Title
RAG Pipeline
Role
Full Stack Software Engineer
Year
2026

Production RAG pipeline for 100+ commercial real estate leases. Custom-built at Advizr.
OVERVIEW
A RAG pipeline built for a real estate company at Advizr.
This was a client project for a real estate company managing 100+ commercial leases. Because the implementation is proprietary and custom to their legal documents, I can't share the codebase.

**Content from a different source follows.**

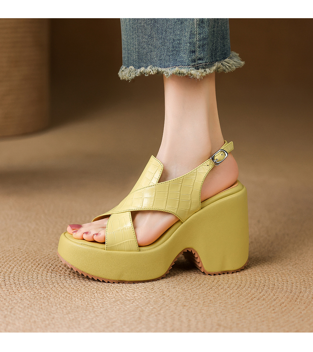 10CM 슈퍼 하이힐 플랫폼 플랫폼 플랫폼 샌들 2025 여름 새로운 오픈 발가락 두꺼운 힐 캐주얼 높이 증가 여성 신발스토어 가기

But I'm proud of the architecture I designed, and I wanted to document the process.
The objective: reduce time spent searching and comparing.
The client needed three capabilities from a single system:
- Specific Q&A — "What is the holdover rate for Starbucks?"
- Clause Comparison — "Compare the assignment clause in Lease A vs. Lease B."
- Portfolio Insights — "What is the total base rent across all properties?" (structured aggregation)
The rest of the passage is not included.